• **Directions for this task**
Beginning with the first line, retype exactly the records below up to and including the line with "Illustration graphique simple"; pictures do not belong in the copy.

• **Provided data**
______

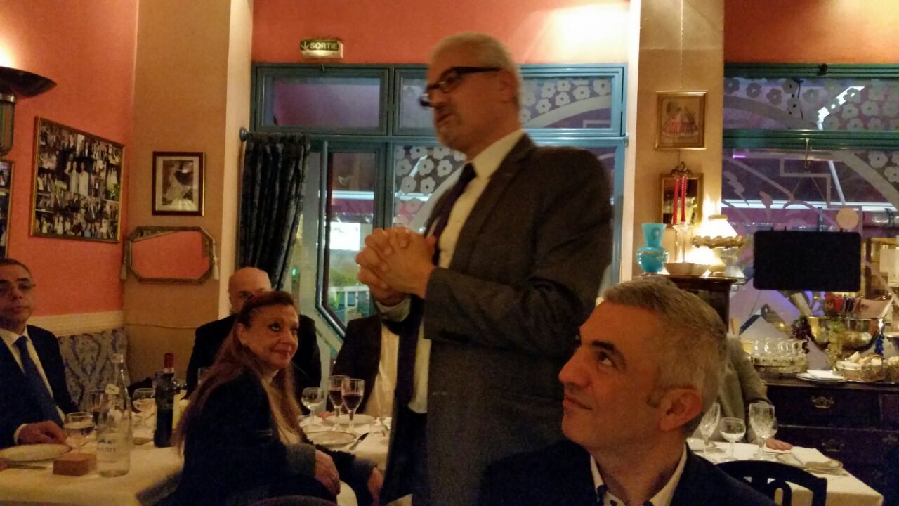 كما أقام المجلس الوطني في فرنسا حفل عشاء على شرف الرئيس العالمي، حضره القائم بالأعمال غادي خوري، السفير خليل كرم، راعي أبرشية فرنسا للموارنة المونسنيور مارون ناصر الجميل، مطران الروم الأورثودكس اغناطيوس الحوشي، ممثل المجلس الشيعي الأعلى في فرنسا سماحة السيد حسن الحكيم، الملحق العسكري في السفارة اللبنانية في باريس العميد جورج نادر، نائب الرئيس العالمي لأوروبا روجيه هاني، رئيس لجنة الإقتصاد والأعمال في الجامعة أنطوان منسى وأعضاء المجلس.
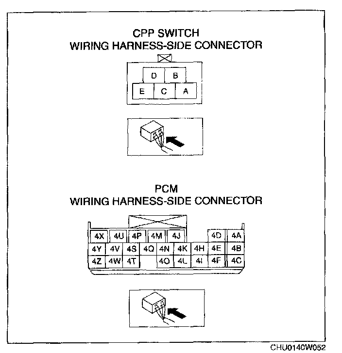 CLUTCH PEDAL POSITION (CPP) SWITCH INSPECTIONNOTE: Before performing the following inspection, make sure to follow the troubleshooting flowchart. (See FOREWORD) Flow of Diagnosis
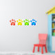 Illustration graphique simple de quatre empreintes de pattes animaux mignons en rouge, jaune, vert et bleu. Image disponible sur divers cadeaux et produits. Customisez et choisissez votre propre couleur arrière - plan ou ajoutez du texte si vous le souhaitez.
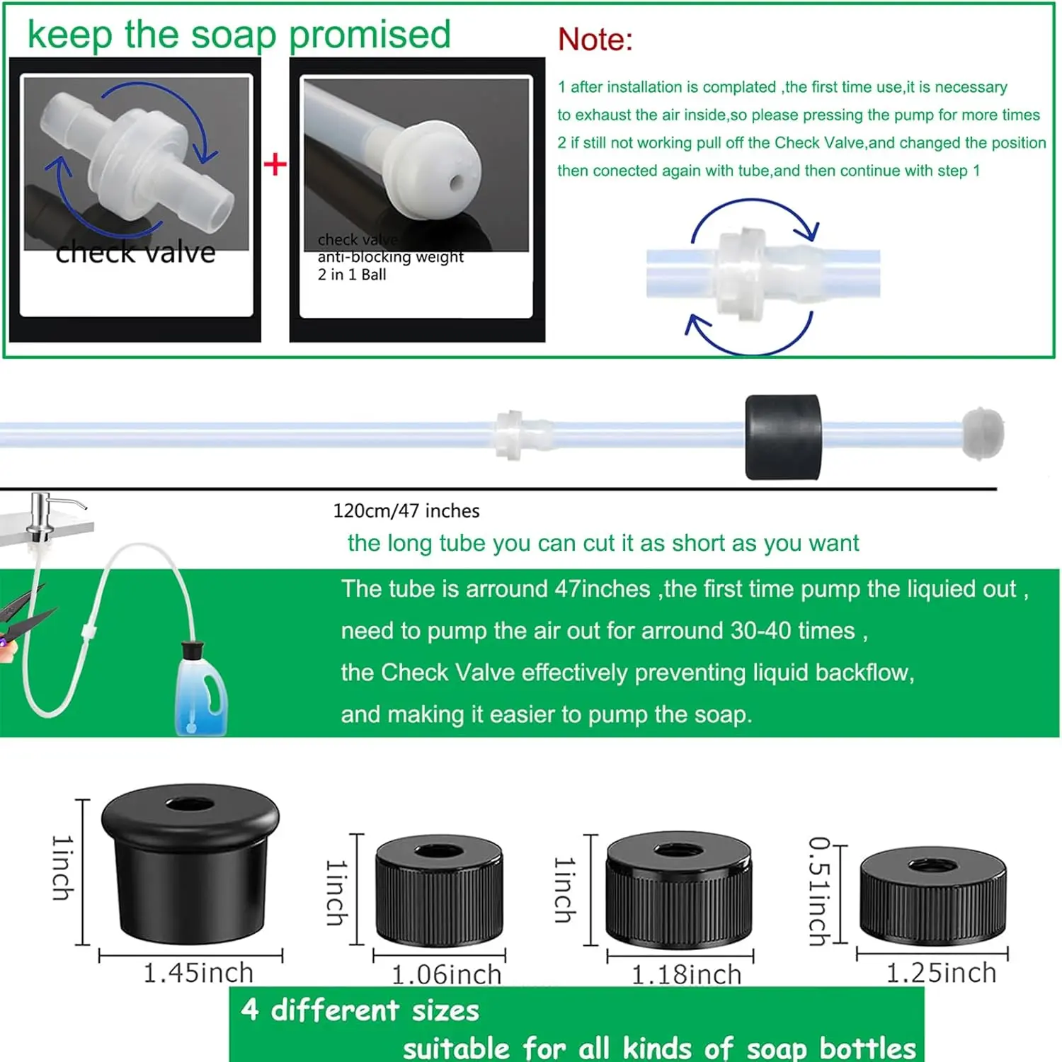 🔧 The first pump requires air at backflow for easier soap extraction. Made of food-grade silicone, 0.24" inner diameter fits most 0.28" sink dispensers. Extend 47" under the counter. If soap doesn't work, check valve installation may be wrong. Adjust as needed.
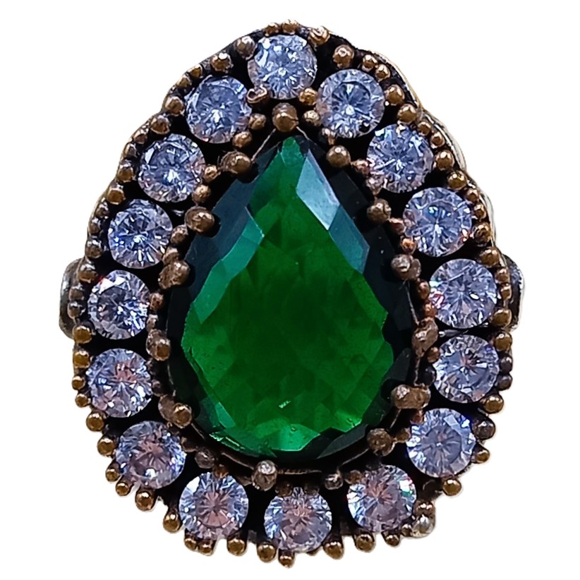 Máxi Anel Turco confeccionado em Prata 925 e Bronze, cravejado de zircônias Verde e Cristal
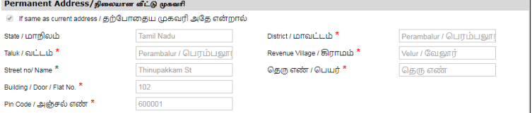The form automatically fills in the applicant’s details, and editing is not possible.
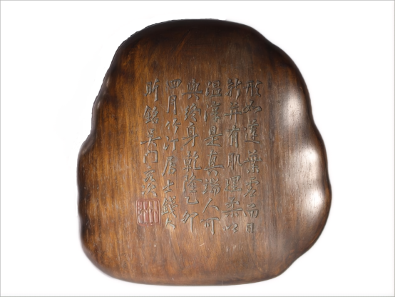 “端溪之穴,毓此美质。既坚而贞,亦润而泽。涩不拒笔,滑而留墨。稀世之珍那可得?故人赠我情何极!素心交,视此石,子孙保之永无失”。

______

• **Exercise answer**
 كما أقام المجلس الوطني في فرنسا حفل عشاء على شرف الرئيس العالمي، حضره القائم بالأعمال غادي خوري، السفير خليل كرم، راعي أبرشية فرنسا للموارنة المونسنيور مارون ناصر الجميل، مطران الروم الأورثودكس اغناطيوس الحوشي، ممثل المجلس الشيعي الأعلى في فرنسا سماحة السيد حسن الحكيم، الملحق العسكري في السفارة اللبنانية في باريس العميد جورج نادر، نائب الرئيس العالمي لأوروبا روجيه هاني، رئيس لجنة الإقتصاد والأعمال في الجامعة أنطوان منسى وأعضاء المجلس.
 CLUTCH PEDAL POSITION (CPP) SWITCH INSPECTIONNOTE: Before performing the following inspection, make sure to follow the troubleshooting flowchart. (See FOREWORD) Flow of Diagnosis
 Illustration graphique simple de quatre empreintes de pattes animaux mignons en rouge, jaune, vert et bleu. Image disponible sur divers cadeaux et produits. Customisez et choisissez votre propre couleur arrière - plan ou ajoutez du texte si vous le souhaitez.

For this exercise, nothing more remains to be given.